Page MenuHomePhabricator

Could GWToolset upload faster please?
Closed, DeclinedPublic

Description

  • Could GWToolset upload donated files faster again please?

To mass upload large image donations by museums to Wikimedia Commons, GWToolset has been very useful. However, the upload speed is erratic: sometimes i could upload say 2000 images/24 hours (for instance three weeks ago (300kB files), 1 May 2015 (50 MB files)), at other times (end July-beginning August 2015) only around or less than 200 x 300kB/24 h. This is the case again the previous 10 days.

Judging by https://commons.wikimedia.org/wiki/Special:NewFiles "Recent uploads", the upload server could handle a higher priority of GWToolset jobs. GWT was expected to run a background job "at least every 5 minutes". Presently, it can take more than three hours before GWT resumes (my job this morning 05:01 - 08:12), independent of throttle.

I am presently temporarily wikipedian in residence at Naturalis Biodiversity Center at Leiden (May-November 2015). At this upload speed i cannot fulfill my obligations to the donor Naturalis of uploading many more thousands of their images, so i would be very grateful for a higher upload speed.

Thank you for considering this request, best regards

hans muller
https://commons.wikimedia.org/wiki/User:Hansmuller

Project sites:
https://en.wikipedia.org/wiki/Wikipedia:GLAM/Naturalis
https://nl.wikipedia.org/wiki/Wikipedia:GLAM/Naturalis

Event Timeline

Hansmuller raised the priority of this task from to Needs Triage.
Hansmuller updated the task description. (Show Details)
Hansmuller subscribed.
Restricted Application added subscribers: Steinsplitter, Aklapper. · View Herald Transcript
Hansmuller set Security to None.
Hansmuller raised the priority of this task from Medium to Needs Triage.Sep 29 2015, 1:44 PM

@Hansmuller : Just to clarify - How many images are you wanting to upload, what timeframe do you want to do it in, and what rate would you like to have?


"at least every 5 minutes"

I know it says that somewhere in commons docs. That's mostly a lie and the reality of when gwtoolset gets called is significantly more complicated.

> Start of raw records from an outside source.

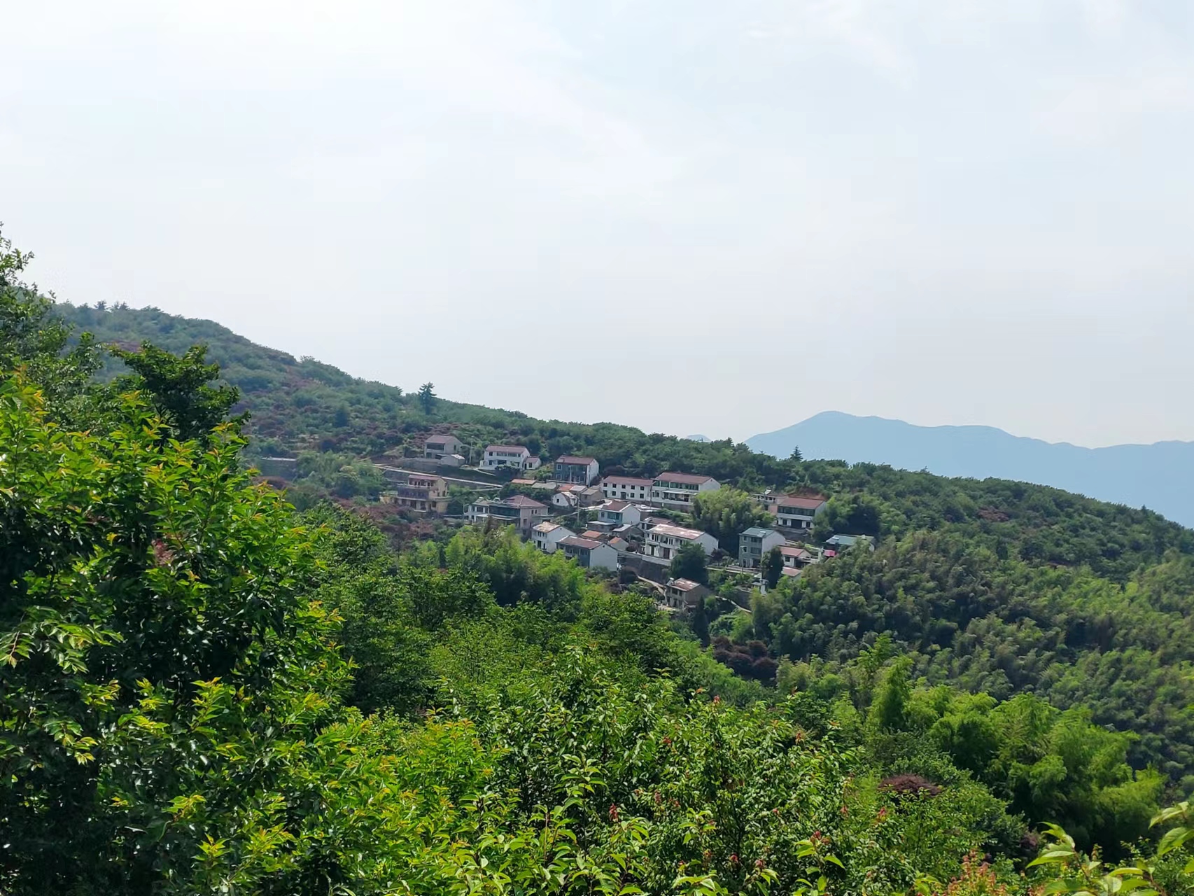 约莫13:20时,养家、允儿两位领队要继续收拢下队伍再出发,于是我和另一位小伙伴便先行启程了。接下来的路,是两小段公路和长长的盘山而下的山路。虽说稀疏平常,却也蕴涵着几丝小小的惊喜。13:40途径一个小村庄时,眼前的青山,突然由绿色变为了绿褐相间,似乎是一位俏皮的孩童打翻了造物主的墨水瓶,肆意挥洒出了这番色彩斑斓。片刻之后,再回望小村庄,宛如漂浮在林海中的秘境,和周围的景致完整融为了一体。14点时突见几面墙壁笔直而下,我们惊讶于这山林深处竟隐藏着如此庞大的人造之物,原来,这是一处废弃的采石场,历经岁月变迁依然屹立不倒,向行人们诉说着曾经热烈、奔放的往事。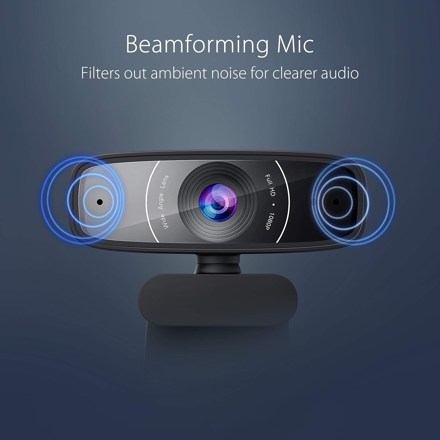 ASUS Webcam C3 1080p HD USB Camera – Beamforming Microphone, Tilt-Adjustable, 360 Degree Rotation, Wide Field of View, Compatible with Skype, Microsoft Teams and Zoom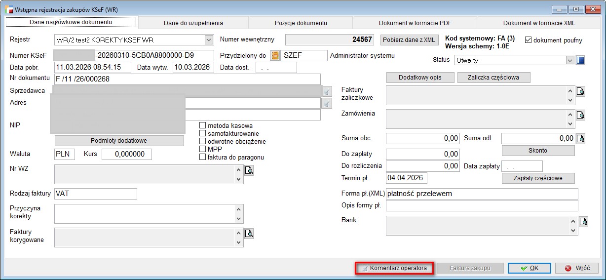 - Komentarz operatora, dostępny w zakładce Dane nagłówkowe dokumentu,
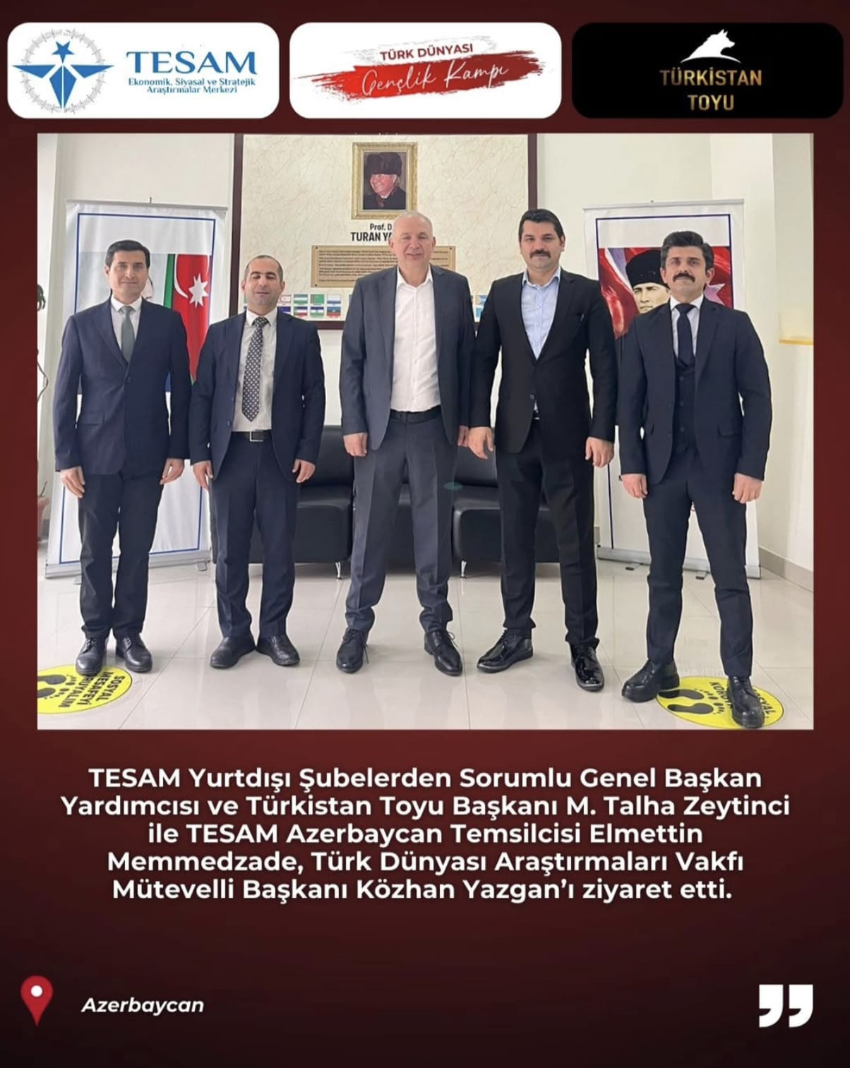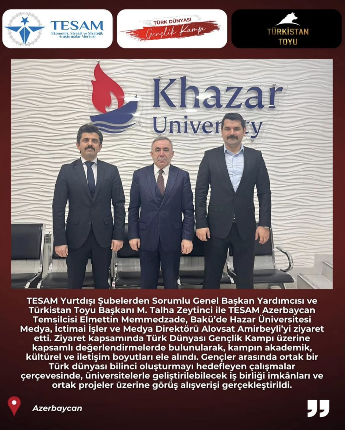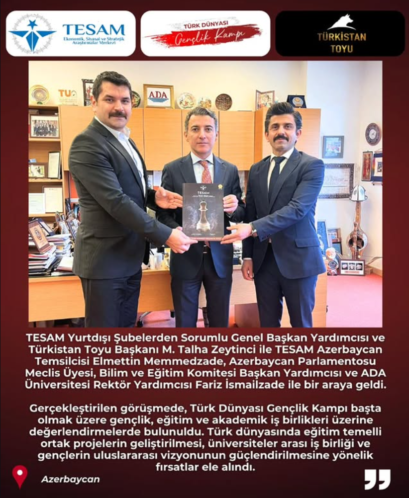 TESAM heyeti, Türk dünyası bilincini güçlendirmek ve “Türk Dünyası Gençlik Kampı” projesini hayata geçirmek amacıyla İstanbul ve Bakü’de bir dizi üst düzey ziyaret gerçekleştirdi. Görüşmelerde eğitim, medya ve sivil toplum eksenli ortak projeler masaya yatırıldı.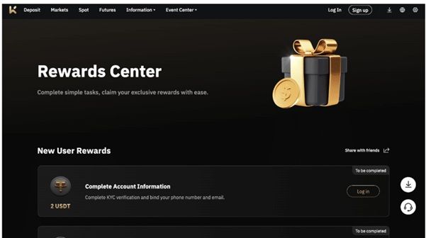 在其最新的加密货币交易所促销活动中,有一个新用户奖金,允许您完成简单任务并获得奖励。例如,仅注册即可获得 2 USDT。绑定您的 X 账户并分享 KCEX 邀请链接,可再获得 5 USDT。

So how fast gwtoolset does things seems to be based on:

  • GWToolset\Config::$metadata_job_delay (currently 1 minute)
  • $wgJobBackoffThrottling['gwtoolsetUploadMetadataJob'] (currently 5 / 3600 ). I suspect this is the limiting factor
  • GWToolset\Config::$mediafile_job_throttle_max (currently 20)

I think its safe to temporarily increase these limits (within reason). A major reason for them I think is to prevent saturating other people's bandwidth.

I think setting $wgJobBackoffThrottling['gwtoolsetUploadMetadataJob'] to 10/3600 would be reasonable. (However, I'd like other's opinions)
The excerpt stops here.